MUSTAFA KEMAL PAŞA ERZURUMDA

3 Temmuzda gelen Mustafa Kemal Paşa hızla kongrenin toplanması için çalışmaları hızlandırmıştı.

23 Temmuz 1919 yılında yapılan Erzurum Kongresi  kararlardan biri "Kuvay-ı Milliyeyi Amil, Milli İradeyi hakim kılmak esastır" ilkesi Kurtuluş savaşına giden yolun ilk basamaklarından biri olmuştu.

Bu arada  1 Mayıs 1920 de Telgrafçılar Cemiyeti kurularak resmen Milli Mücadele´nin haberleşme işinde Erzurumlu PTT´ciler önemli görevler üstlenmişlerdi.

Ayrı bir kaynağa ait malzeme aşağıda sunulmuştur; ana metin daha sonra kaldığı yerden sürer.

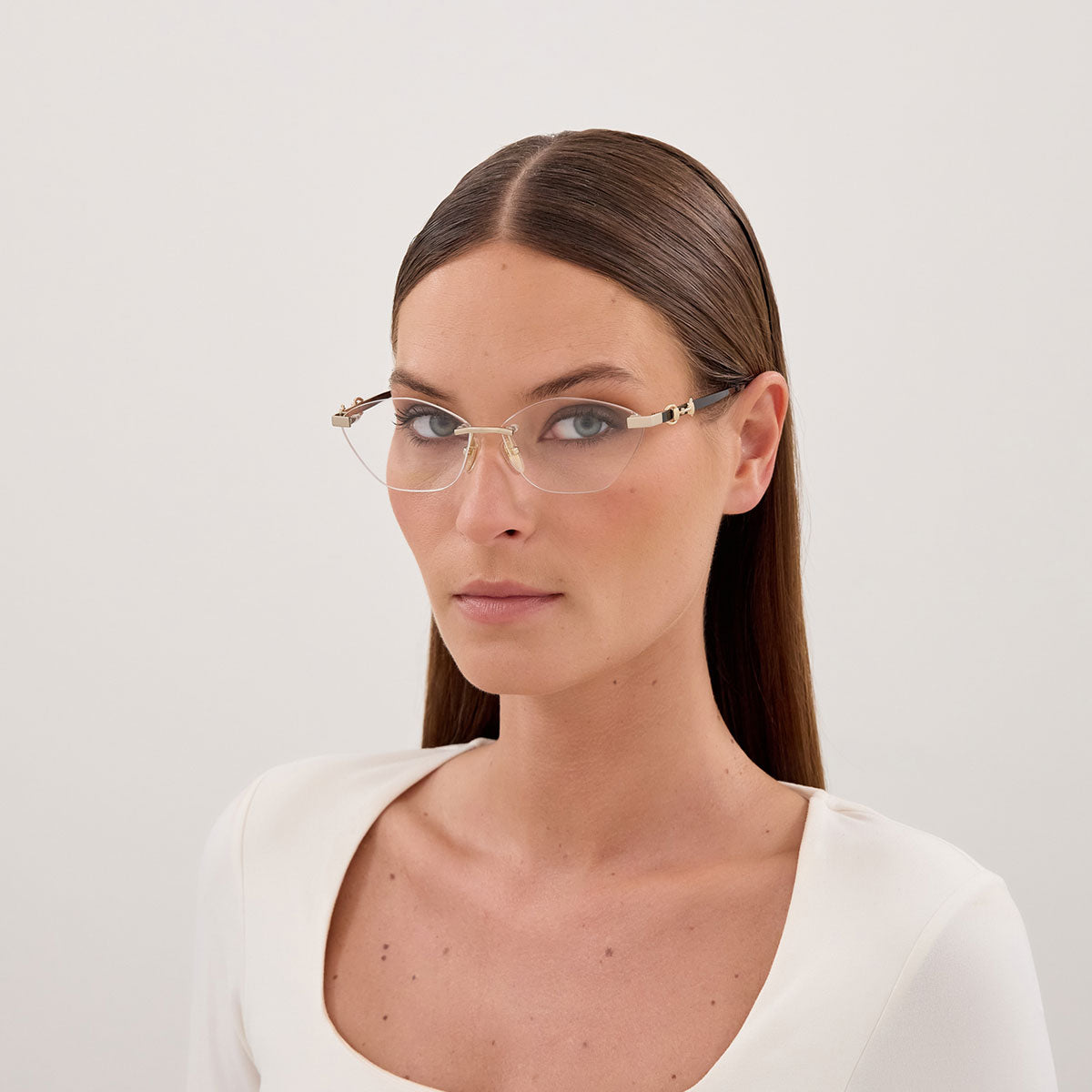 La struttura glasant (senza montatura) dona leggerezza visiva e raffinatezza, mentre la forma cat-eye geometrica valorizza il volto con uno stile femminile, deciso e di grande personalità. Protagonista assoluto è l’iconico dettaglio Morsetto, che attraversa l’asta diventando elemento distintivo e simbolo dell’heritage della Maison.

İstanbul´un işgali üzerine Lalapaşa meydanında yapılan miting ve Murt Paşa Cami´sinde dönemin kadın muallimlerinin öncülüğünde bayanların katıldığı, önce Mevlit okutulup peşinden minbere çıkan Zeliha Faika Ünlüerin´in yaptığı konuşma katılanları ayağa kaldırmış, akabinde  ABD ve diğer Avrupa devletlerinin hükümetlerine telgraflar çekilmiş, Erzurumlu kadınların haklı istekleri cihana duyurulmuştu

Kasabaların halkı tarafından düzenlenen protesto mitingleri ve alınan kararlar başta İstanbul hükümeti olmak üzere itilaf devletlerine ve ABD´ye çekilen telgraflarla İstanbul´un işgali telin edilmiş, Türk milletinin bu yapılan haksızlıkların altında kalmayacağı tüm dünyaya ilan edilmişti.

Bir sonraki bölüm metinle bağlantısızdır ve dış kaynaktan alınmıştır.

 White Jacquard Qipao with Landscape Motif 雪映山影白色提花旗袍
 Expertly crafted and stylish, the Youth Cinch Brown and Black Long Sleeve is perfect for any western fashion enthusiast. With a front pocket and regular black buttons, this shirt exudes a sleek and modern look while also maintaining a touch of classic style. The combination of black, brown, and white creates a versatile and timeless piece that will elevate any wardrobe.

Sonuç olarak yukarıda sıraladığım olaylar, 23 Temmuz Kongresi´nin kazandırdığı moral, aslında Milli Mücadele Erzurum´da başlamıştır konusundaki tezi güçlendirmektedir. Kuvay-ı Milliye´nin kurulup gelişmesinin başlangıcında, gelişmesinde Erzurum hep ön sırada olmuştur. O halde artık resmi belgelere bunun böyle geçmesinin yararı vardır. Bilim adamlarının bu yönde çaba harcamaları, gerçekleri gün yüzüne çıkarmaları ve bu yönde kamuoyu oluşturmaları gerekmektedir.